Track AddrMan totals by network and table, improve precision of adding fixed seeds (p2p)

https://github.com/bitcoin/bitcoin/pull/26847

Host: mzumsande  -  PR author: mzumsande

Notes

  • AddrMan, the in-memory database of peers, consists of two tables (new and tried). AddrMan keeps count of the total number of addresses in each of these two tables, but not on a per-network basis. For example, it’s currently not possible to directly query AddrMan if it has any onion addresses in its new table, or how many of them.

  • This PR adds internal tracking of the totals by network and table to AddrMan and adds this information to its public interface.

  • The added counts are then used to improve the precision of loading fixed seeds, adding seeds of specific reachable networks we don’t have any addresses for in a targeted way.

  • On a longer time frame, this is also a first preparatory step towards more active management of outbound connections with respect to networks.
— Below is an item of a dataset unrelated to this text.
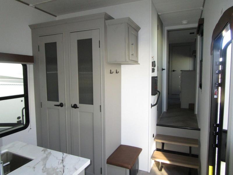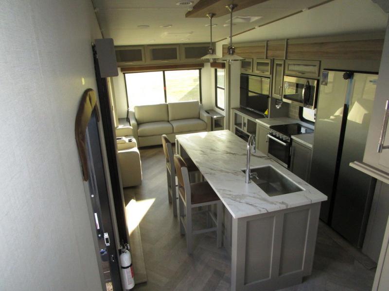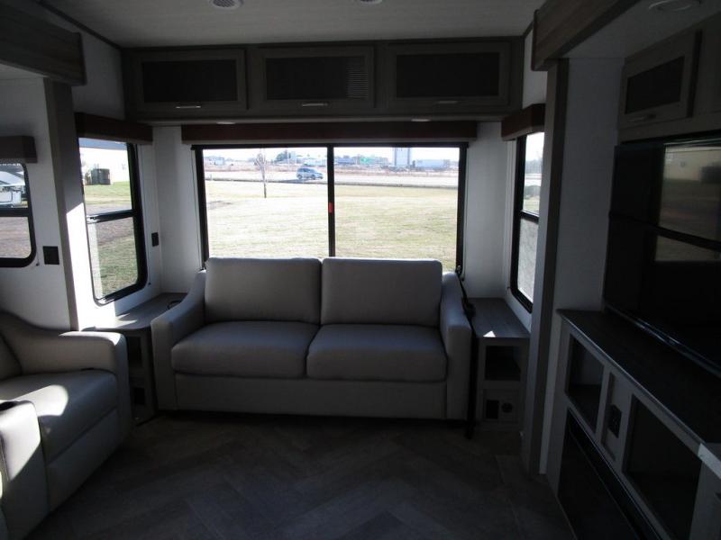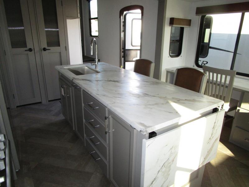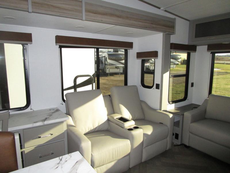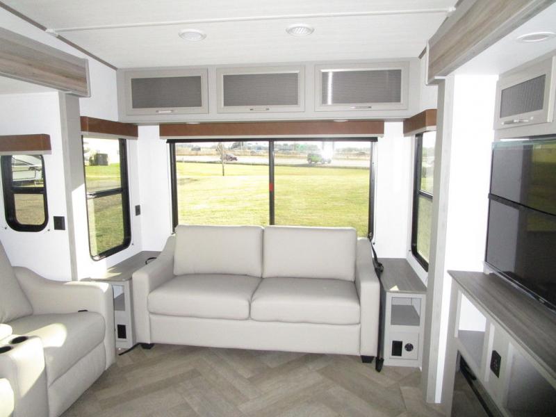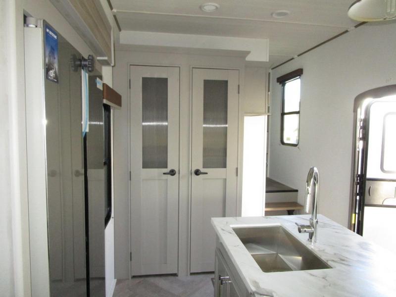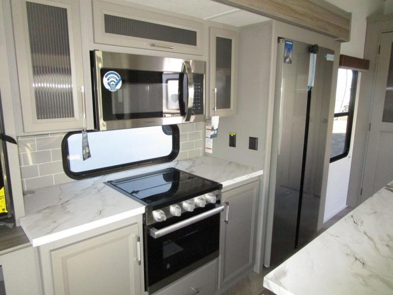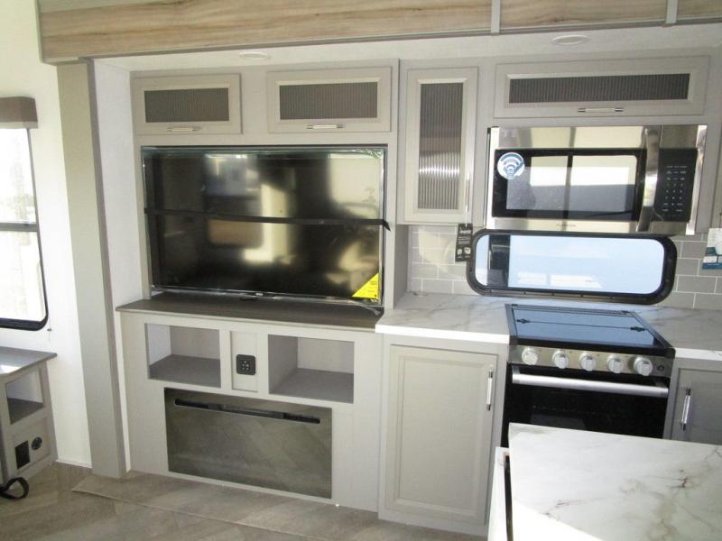 It will be so easy to enjoy camping trips or extended stays in this spacious fifth wheel! There are dual opposing slides in the combined kitchen and living area, giving you plenty of space to relax on the full reclining theater seating across from the fireplace and 50" TV. There is also a desk with drawers and a chair where you can get some work done if needed. The chef of your group will love the 7' kitchen island and double door pantry for dry goods, snacks and more. Your guests can sleep on the rear sofa, while you take the front private bedroom with a king bed slide out. You can keep your things organized in the dresser, wardrobe, and linen closet with stackable washer and dryer prep.

One of the goals is to always have at least one outbound connection to each reachable network.

Questions

  1. Did you review the PR? Concept ACK, approach ACK, tested ACK, or NACK?

  2. When is a network reachable in Bitcoin Core? (it’s not as self-explanatory as it may seem!)

  3. How are addresses relayed over the p2p network treated depending on whether they are reachable vs. non-reachable - do we store them and/or forward them to peers? (Hint: Look in ProcessMessage)

  4. How does this PR attempt to make sure that there are no bugs causing the added counts per network to fall out of sync with other AddrMan internals such as nNew and nTried?

  5. How can a node currently get stuck with only unreachable addresses in AddrMan, finding no outbound peers? How does this PR fix it?

  6. Why would it be beneficial to have an outbound connection to each reachable network at all times? Why is the current logic in ThreadOpenConnections insufficient to guarantee this?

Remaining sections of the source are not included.